The Central Lüß Plateau Heathland (Heideflächen mittleres Lüßplateau) are a nature reserve within the Südheide Nature Park with a total area of about 293 ha. They were placed under protection in 1995 and consist of three physically separate areas of land: the Misselhorn Heath (Misselhorner Heide), the Schillohsberg Heath (Heide am Schillohsberg) and the Weesener Weg Heathland (Heideflächen am Weesener Weg). The region referred to as Heathland and Rough Pasture in the Südheide (Heiden und Magerrasen in der Südheide) with an area of 278.3 ha was also declared as Special Area of Conservation No. 277. The conservation agency responsible is the district of Celle.

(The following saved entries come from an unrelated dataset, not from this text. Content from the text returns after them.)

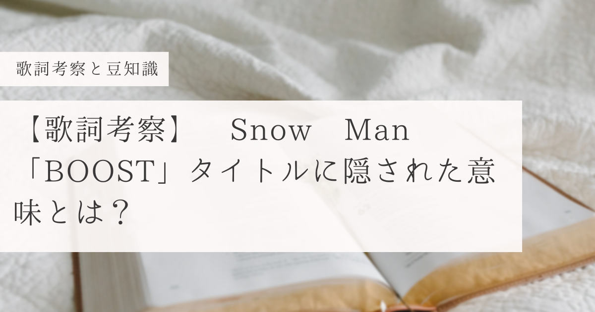 この記事では「Snow Man(スノーマン)」の「BOOST(ブースト)」の歌詞の意味についての考察と歌詞に含まれるワードについての豆知識を書いています!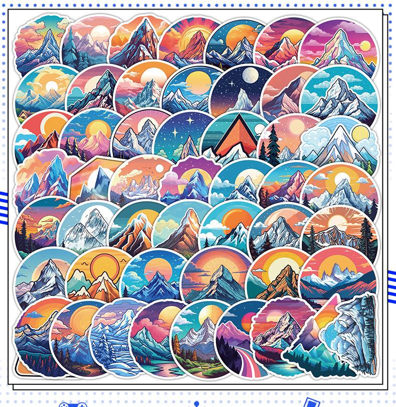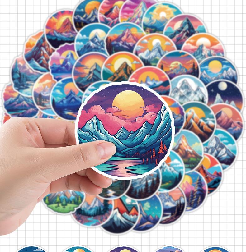 50 piezas de pegatinas de grafiti de montaña nevada coloridas mano con taza de agua pegatinas decorativas para equipaje impermeables pegatinas de juguete para niños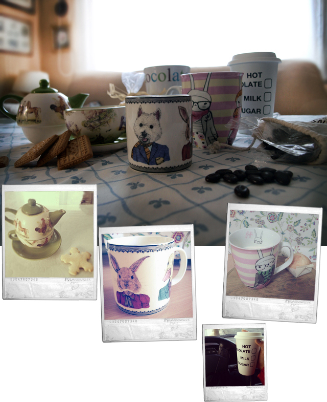 Lo sé, soy la tonta de las tazas… Y estos días se han sumado muchas nuevas a mi colección. ¡Y ojo! Que cada una tiene una función: la tetera evidentemente para el té, la de los animales para el café (tiene el tamaño perfecto para entrar en la cafetera), la de chocolat, para el chocolate, la de porcelana para llevar, y la de fifi para el colacao 🙂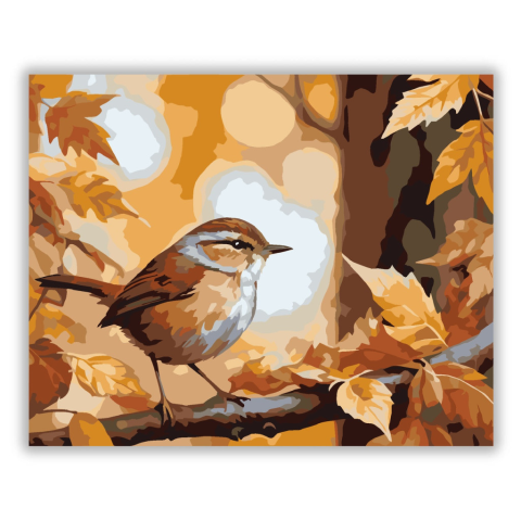 Őszi Ökörszem - számfestő készlet – 40×50 cm (Keret nélkül) A festmény egy ökörszemet ábrázol, amint őszi levelek között pihen egy ágon. A barna és arany tollazat tökéletes harmóniában van a meleg, szezonális színekkel. A kép a nyugalmat és az ősz varázsá
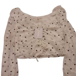 NWT Wayf women's top. this blouse is very beautiful, featuring a semisheer long sleeves and a v-neck. the little flower designs can be felt when touched super cute blouse for the hot summer days ahead 🌞
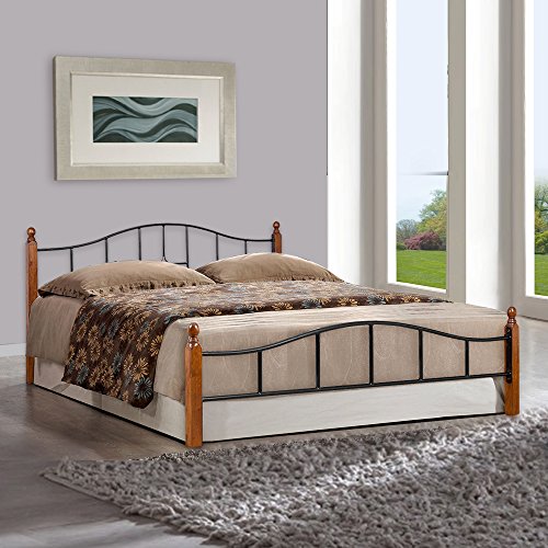 FurnitureKraft Kansas Metal Queen Size Double Bed with Wooden Leg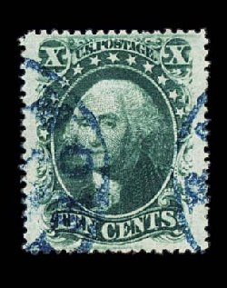 43 O 32 image#32, 10c Green, Ty. II, used, flawlessly centered amid extravagantly large margins which are most uncharacteristic of this stamp, rich color and impression, light central strike of a large Boston "Paid" circular grid cancel, extremely fine gem. (Image) $320.00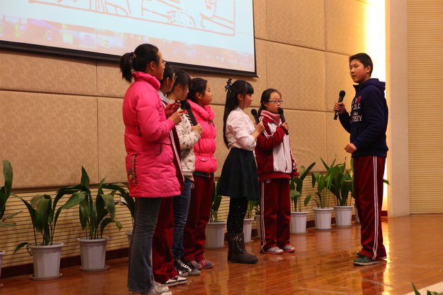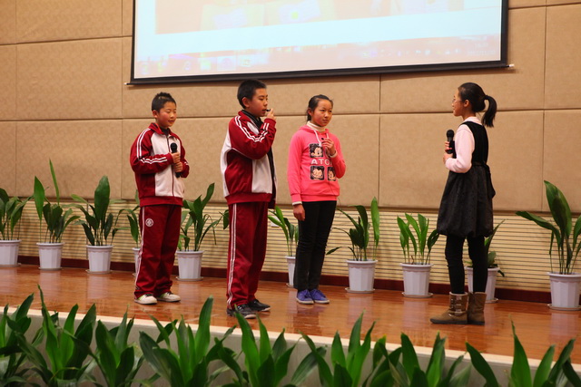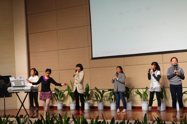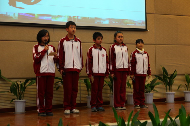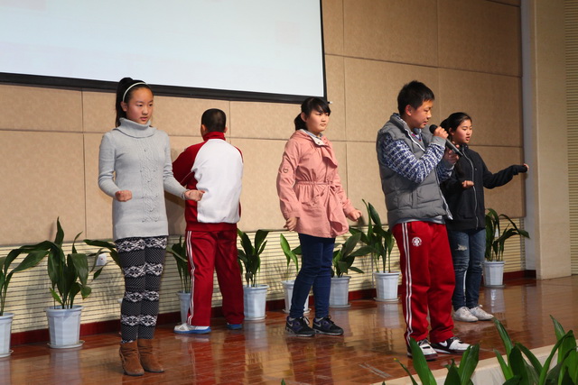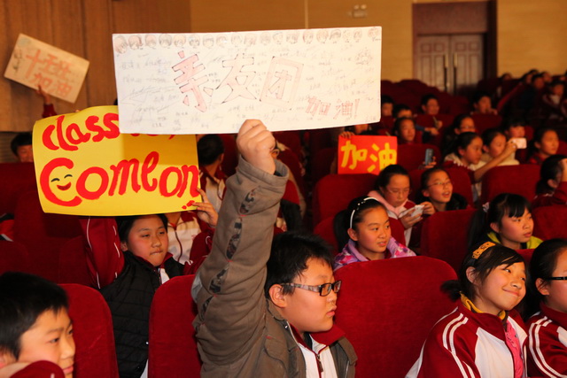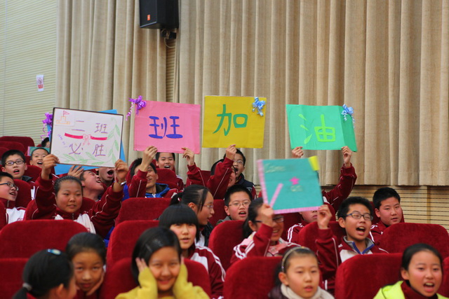 比赛由个人演讲、情景对话、电影配音、歌曲演唱四个环节组成。在五位小主持人激情的开场中拉开了帷幕。首先进行的是2分钟个人演讲,五位选手从容上阵,热情洋溢,就《My Best Friend》和《Say No to Junk Food》两个话题进行了精彩的演讲。四班选手严睿桐语言流畅,发音标准,激情洋溢,赢得了台下一片掌声;二班选手薛皓韦和十班选手党尚笛姿态大方,语言流利,赢得了评委的一致好评。情景对话在二班田子晗、焦点、薛皓韦三位同学的默契配合下顺利完成,台下的啦啦队声势浩大,喊出了每个班的气势和特色。接下来的电影配音环节,同学们以逼真的声音配合着生动有趣的画面,展示了自己台下刻苦努力的优秀成果。四班潘大河等的《冰河世纪》夸张大胆地再现了原版的经典,全场发出阵阵惊叹。其他四个班级选手也不甘示弱,六班张旭初等的《卑鄙的我》声音模仿幽默风趣,引发阵阵掌声。最后的英文歌曲演唱将现场气氛推向了高潮,十班选手程靖文和程韦淇的歌舞表演点燃了观众的热情,赢得观众和评委的一致好评,八班吉喆宇和雷秉鑫的一首《you belong with me》展现了班级的风采和特色。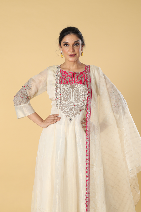 Off white pure chanderi sik dori embroidered dress paired with dola silk pants and organza dupatta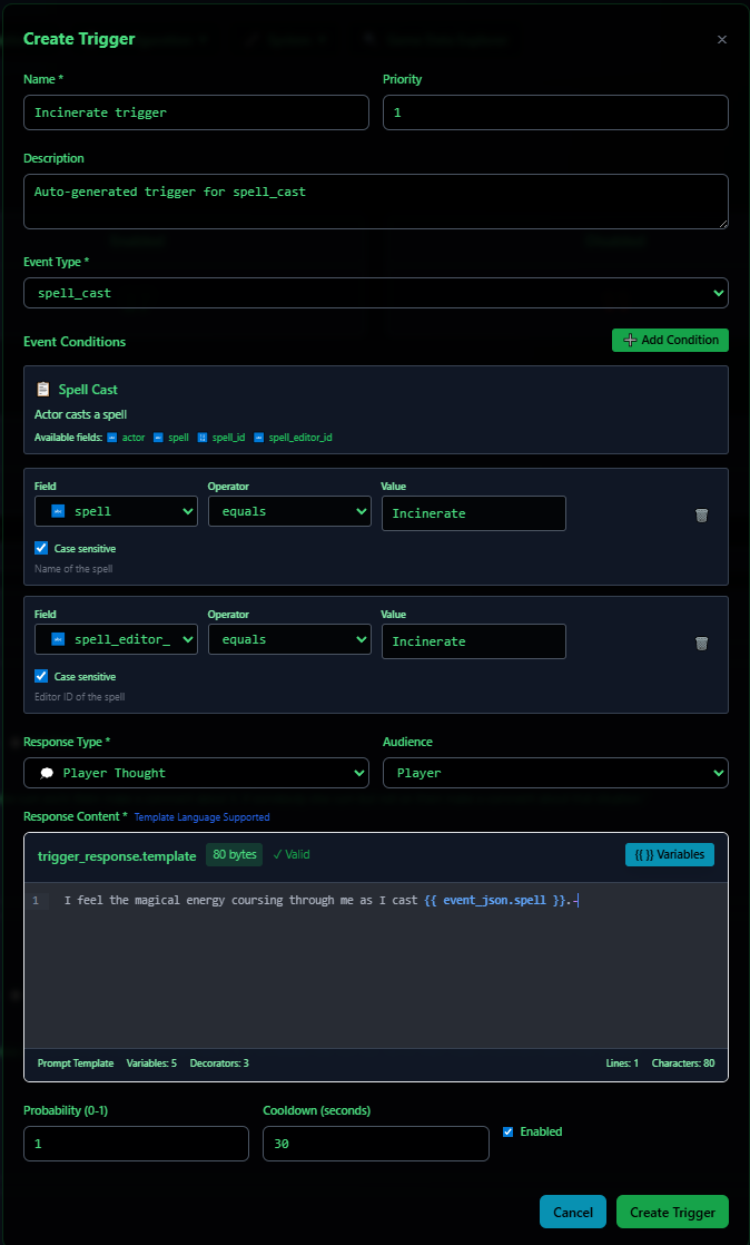 spell_cast) - Conditions: Fields like spell name, editor ID, or actor type that filter the trigger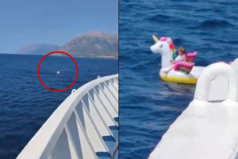 Una tripulación rescató a una niña de cuatro años de edad que se encontraba sobre un salvavidas de unicornio en medio del mar de Grecia.

The Misselhorn Heath, with a section that is known as the Tiefental, has an area of about 209 ha. It begins 2 km east of Hermannsburg and consists predominantly of heath. These are almost exclusively covered by the common heather (Calluna vulgaris). Only occasionally, in the wetter locations, is the cross-leaved heath (Erica tetralix) also found. bladderworts (Utricularia), an endangered genus of carnivorous plants that occur in fresh water and wet soil, are found in several, smaller, boggy or wet locations, as is the spoonleaf sundew (Drosera intermedia), another protected carnivorous plant. Other plants found here include the protected common lousewort (Pedicularis sylvatica), which is on the red list of endangered vascular plants in Germany, and the rare marsh gentian (Gentiana pneumonanthe). Cottongrass is also found very occasionally in these reserves.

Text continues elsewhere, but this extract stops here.